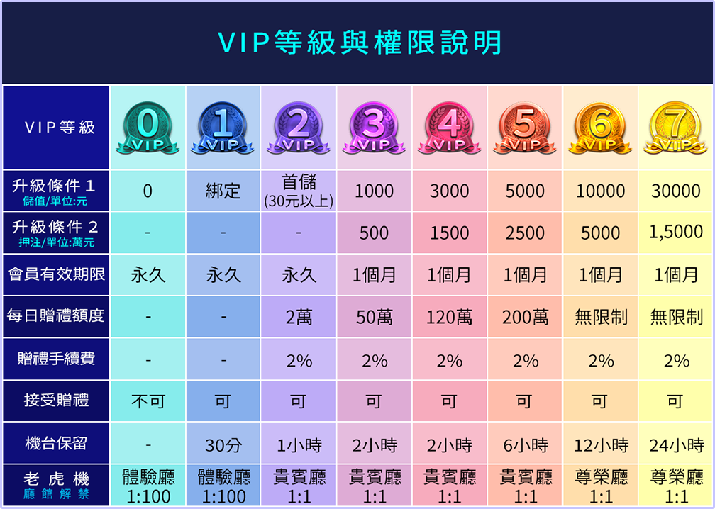 當玩家儲值/押注超過所需額度,VIP資格立刻升級,期限至升級當下的下一個月底為止。
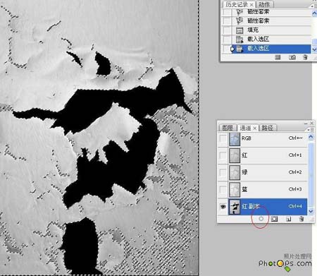 7、載入紅副本通道的選區,如下圖(點擊下面用紅圈所指的圖標),按住ctrl單擊該通道。
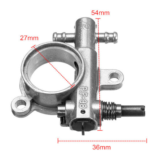Pompa ulei drujba compatibila pentru modelele de drujbe chinezesti model 3800: NAC SPS01-38, Faworyt TS41, Topsun 4116, Einhell T4116, Ruris 220 Pentru dimensiuni va rugam sa consultati imaginea de mai jos: Melcul pentru aceasta pompa: aici . Mentionam faptul ca produsul nu este original, insa este compatibil pentru modelele enumerate mai sus .
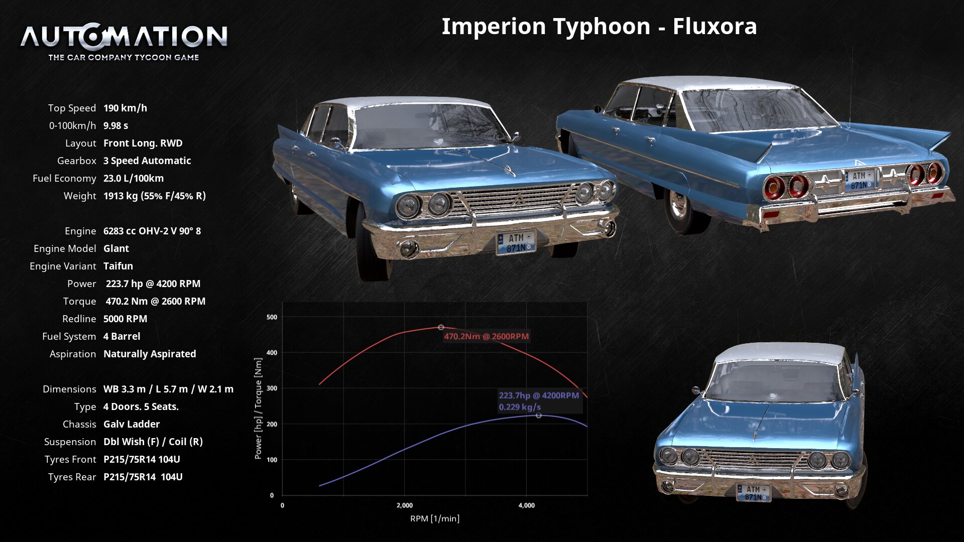 Although the I6 had so many great qualities, it became clear that many buyers at that time just loved the awesome V8 under the hood! To avoid the problems experienced by Hatson, who insisted on the inline six-cylinder engine, Imperion launched the incredible Typhoon Fluxora. This V8 model is based on the stunning 1960s body, marking a new era for Imperion. The 6.3-litre V8 engine was an absolute beast, delivering a mind-blowing amount of torque right from the get-go. It made driving a breeze, especially on those long journeys on the highway or on the turnpike. The Fluxora was positioned as the top trim above the Tempest, appealing to performance- and image-oriented customers and giving the brand the V8 presence that was practically considered a necessity of the luxury class in the US market.

_ACTIVITY_: The whole listing, minus its images, should be repeated exactly.

_REPLY_:
 當玩家儲值/押注超過所需額度,VIP資格立刻升級,期限至升級當下的下一個月底為止。
 7、載入紅副本通道的選區,如下圖(點擊下面用紅圈所指的圖標),按住ctrl單擊該通道。
Pompa ulei drujba compatibila pentru modelele de drujbe chinezesti model 3800: NAC SPS01-38, Faworyt TS41, Topsun 4116, Einhell T4116, Ruris 220 Pentru dimensiuni va rugam sa consultati imaginea de mai jos: Melcul pentru aceasta pompa: aici . Mentionam faptul ca produsul nu este original, insa este compatibil pentru modelele enumerate mai sus .
 Although the I6 had so many great qualities, it became clear that many buyers at that time just loved the awesome V8 under the hood! To avoid the problems experienced by Hatson, who insisted on the inline six-cylinder engine, Imperion launched the incredible Typhoon Fluxora. This V8 model is based on the stunning 1960s body, marking a new era for Imperion. The 6.3-litre V8 engine was an absolute beast, delivering a mind-blowing amount of torque right from the get-go. It made driving a breeze, especially on those long journeys on the highway or on the turnpike. The Fluxora was positioned as the top trim above the Tempest, appealing to performance- and image-oriented customers and giving the brand the V8 presence that was practically considered a necessity of the luxury class in the US market.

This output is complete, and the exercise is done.